■ Records for the task ■

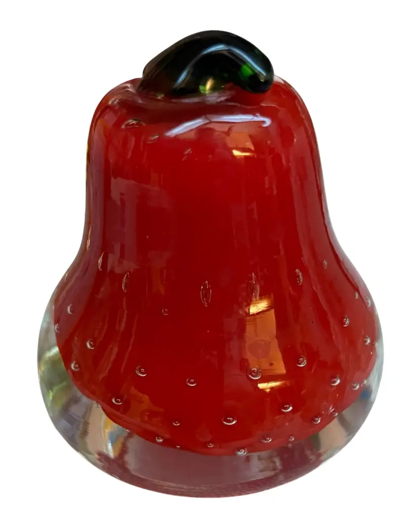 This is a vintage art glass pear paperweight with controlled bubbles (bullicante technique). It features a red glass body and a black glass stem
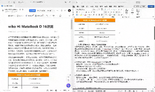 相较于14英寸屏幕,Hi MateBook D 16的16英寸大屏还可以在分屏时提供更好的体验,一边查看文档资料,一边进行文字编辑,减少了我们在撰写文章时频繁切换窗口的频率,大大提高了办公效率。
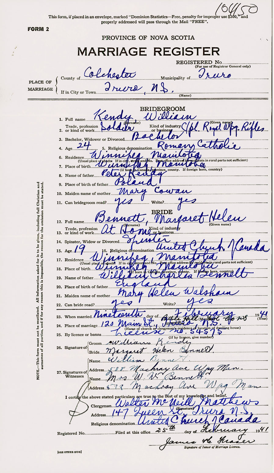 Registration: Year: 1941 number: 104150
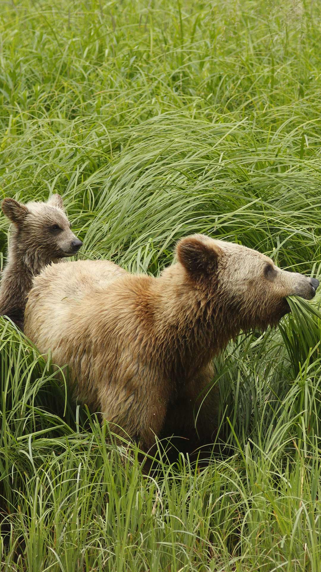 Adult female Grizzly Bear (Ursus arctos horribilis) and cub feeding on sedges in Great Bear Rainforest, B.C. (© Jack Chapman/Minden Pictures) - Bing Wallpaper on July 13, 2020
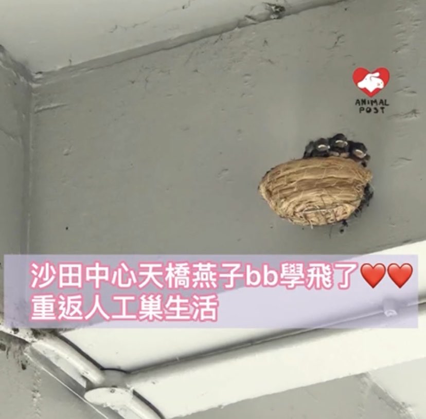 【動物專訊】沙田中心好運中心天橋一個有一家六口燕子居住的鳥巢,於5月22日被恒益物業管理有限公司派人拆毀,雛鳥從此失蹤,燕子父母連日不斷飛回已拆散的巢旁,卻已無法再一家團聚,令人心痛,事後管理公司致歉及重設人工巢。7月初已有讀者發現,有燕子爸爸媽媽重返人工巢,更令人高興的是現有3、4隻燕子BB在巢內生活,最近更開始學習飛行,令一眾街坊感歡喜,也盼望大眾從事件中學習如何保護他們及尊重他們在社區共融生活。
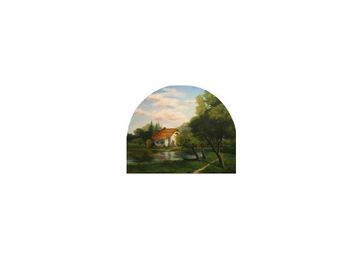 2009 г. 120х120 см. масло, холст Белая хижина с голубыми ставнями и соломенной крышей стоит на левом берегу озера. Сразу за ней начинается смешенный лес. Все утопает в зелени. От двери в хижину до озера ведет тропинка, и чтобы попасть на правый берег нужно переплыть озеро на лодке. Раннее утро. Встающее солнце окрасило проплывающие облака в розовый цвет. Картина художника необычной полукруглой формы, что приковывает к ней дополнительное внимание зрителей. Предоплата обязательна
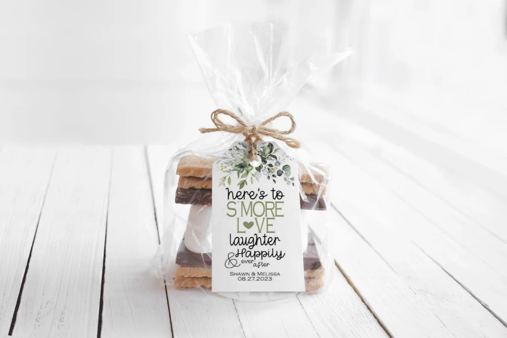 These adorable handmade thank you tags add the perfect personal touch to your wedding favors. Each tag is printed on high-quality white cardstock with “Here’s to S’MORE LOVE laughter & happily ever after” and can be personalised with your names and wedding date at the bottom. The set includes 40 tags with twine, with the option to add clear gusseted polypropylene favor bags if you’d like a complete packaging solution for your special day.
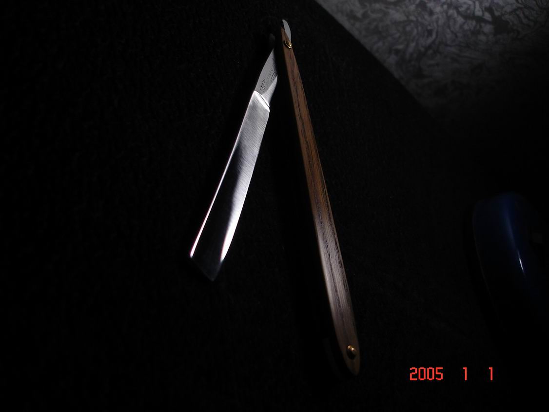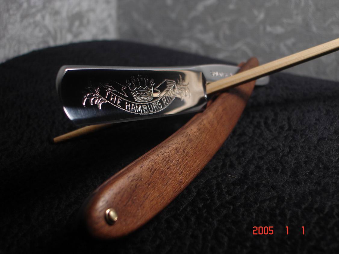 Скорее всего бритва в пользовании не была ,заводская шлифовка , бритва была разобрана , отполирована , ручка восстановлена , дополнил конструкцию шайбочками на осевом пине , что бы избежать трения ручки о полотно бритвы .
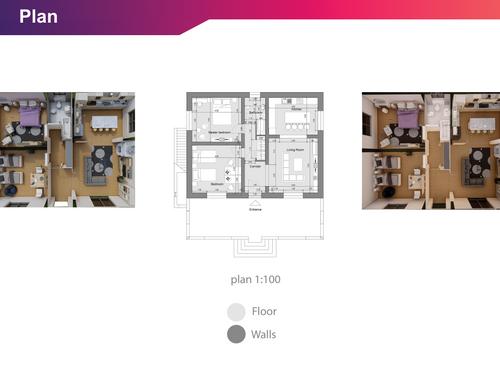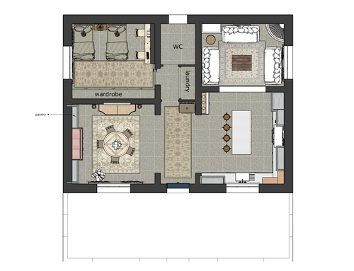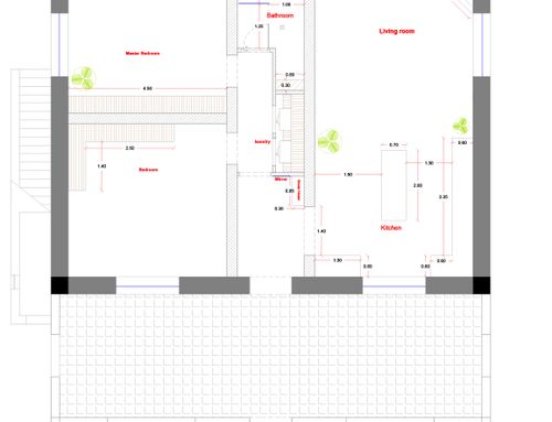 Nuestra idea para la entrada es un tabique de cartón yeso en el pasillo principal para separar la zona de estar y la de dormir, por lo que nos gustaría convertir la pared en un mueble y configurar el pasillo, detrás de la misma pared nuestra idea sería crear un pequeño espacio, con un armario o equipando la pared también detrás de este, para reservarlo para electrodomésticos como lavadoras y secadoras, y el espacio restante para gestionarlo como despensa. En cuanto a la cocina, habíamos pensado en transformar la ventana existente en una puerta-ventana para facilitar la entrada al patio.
==
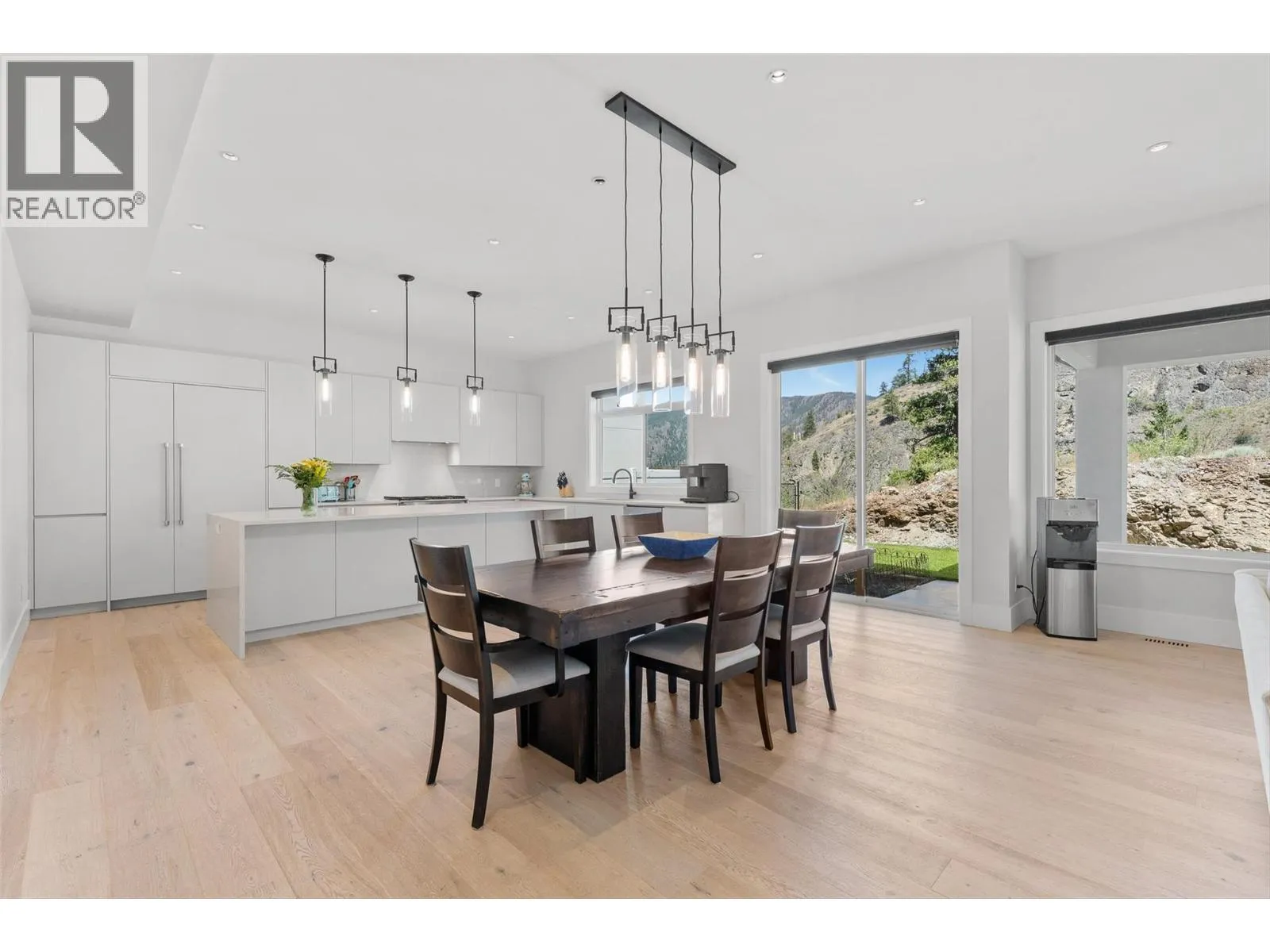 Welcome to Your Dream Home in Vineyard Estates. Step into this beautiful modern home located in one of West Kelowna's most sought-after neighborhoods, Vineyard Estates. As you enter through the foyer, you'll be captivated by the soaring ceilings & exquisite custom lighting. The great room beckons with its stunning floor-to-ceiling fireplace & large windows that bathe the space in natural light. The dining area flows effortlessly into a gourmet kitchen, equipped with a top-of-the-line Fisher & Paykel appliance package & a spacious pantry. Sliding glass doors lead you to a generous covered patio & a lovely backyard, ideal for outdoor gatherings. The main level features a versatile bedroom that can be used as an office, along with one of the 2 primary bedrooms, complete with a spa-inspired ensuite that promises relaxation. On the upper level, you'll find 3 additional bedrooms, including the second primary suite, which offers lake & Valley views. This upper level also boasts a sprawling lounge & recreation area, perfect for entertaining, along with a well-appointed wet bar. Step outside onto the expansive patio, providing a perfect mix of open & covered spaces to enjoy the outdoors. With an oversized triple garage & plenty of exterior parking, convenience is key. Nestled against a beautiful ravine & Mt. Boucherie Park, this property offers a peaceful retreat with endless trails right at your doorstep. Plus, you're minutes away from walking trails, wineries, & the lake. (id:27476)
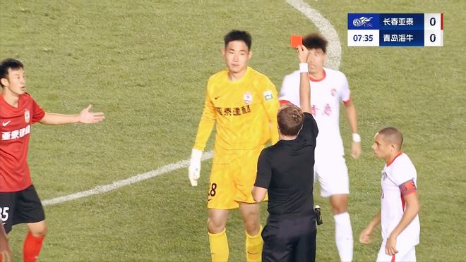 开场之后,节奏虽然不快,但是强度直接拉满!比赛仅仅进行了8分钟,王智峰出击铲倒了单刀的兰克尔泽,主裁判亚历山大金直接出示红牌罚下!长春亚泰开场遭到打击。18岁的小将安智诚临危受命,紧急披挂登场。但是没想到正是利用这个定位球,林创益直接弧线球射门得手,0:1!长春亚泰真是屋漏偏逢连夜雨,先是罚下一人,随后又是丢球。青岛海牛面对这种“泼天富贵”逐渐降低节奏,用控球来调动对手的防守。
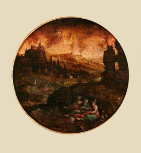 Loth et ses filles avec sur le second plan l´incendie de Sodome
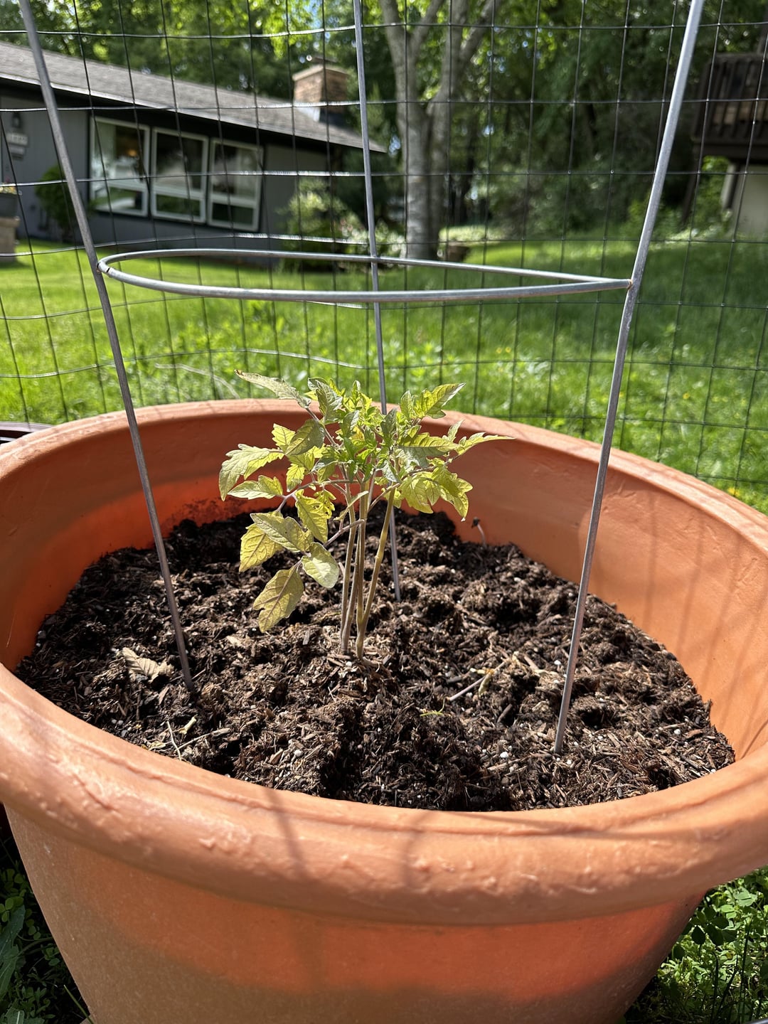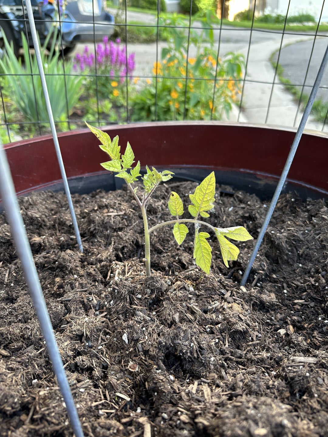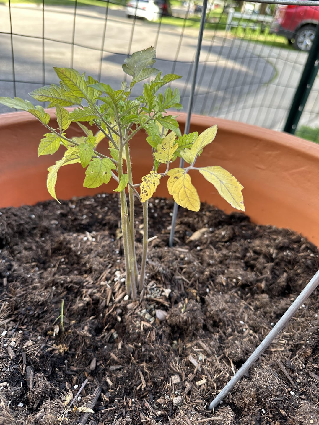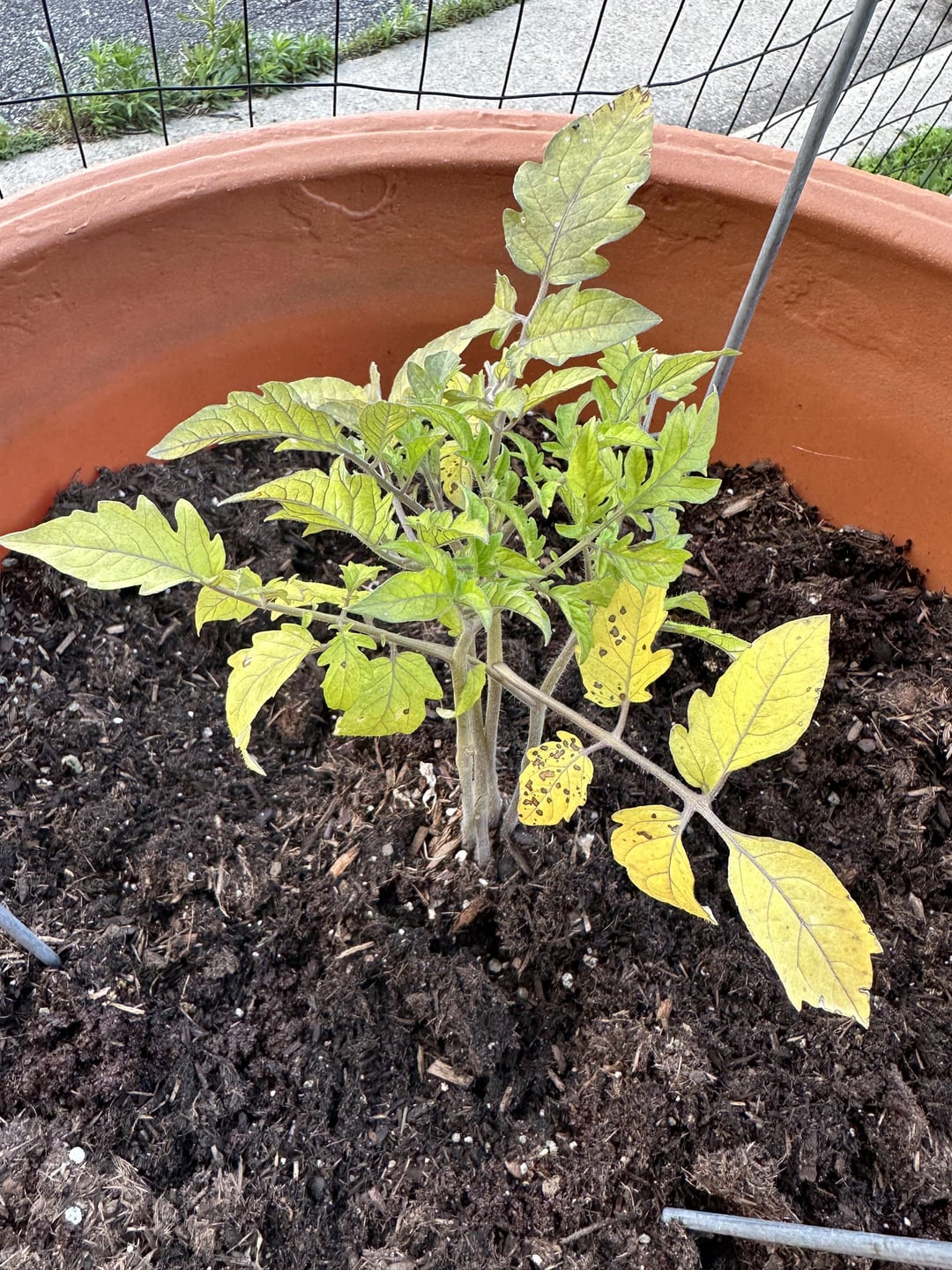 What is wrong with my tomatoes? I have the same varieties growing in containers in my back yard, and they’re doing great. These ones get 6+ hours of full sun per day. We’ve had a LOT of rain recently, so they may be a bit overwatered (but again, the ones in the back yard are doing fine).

■ Task goal ■
Give back, exactly and without pictures, the stretch of the records above from the line containing "开场之后,节奏虽然不快,但是" through the line containing "What is wrong", with both end lines included.

■ Solution below ■
 开场之后,节奏虽然不快,但是强度直接拉满!比赛仅仅进行了8分钟,王智峰出击铲倒了单刀的兰克尔泽,主裁判亚历山大金直接出示红牌罚下!长春亚泰开场遭到打击。18岁的小将安智诚临危受命,紧急披挂登场。但是没想到正是利用这个定位球,林创益直接弧线球射门得手,0:1!长春亚泰真是屋漏偏逢连夜雨,先是罚下一人,随后又是丢球。青岛海牛面对这种“泼天富贵”逐渐降低节奏,用控球来调动对手的防守。
 Loth et ses filles avec sur le second plan l´incendie de Sodome
 What is wrong with my tomatoes? I have the same varieties growing in containers in my back yard, and they’re doing great. These ones get 6+ hours of full sun per day. We’ve had a LOT of rain recently, so they may be a bit overwatered (but again, the ones in the back yard are doing fine).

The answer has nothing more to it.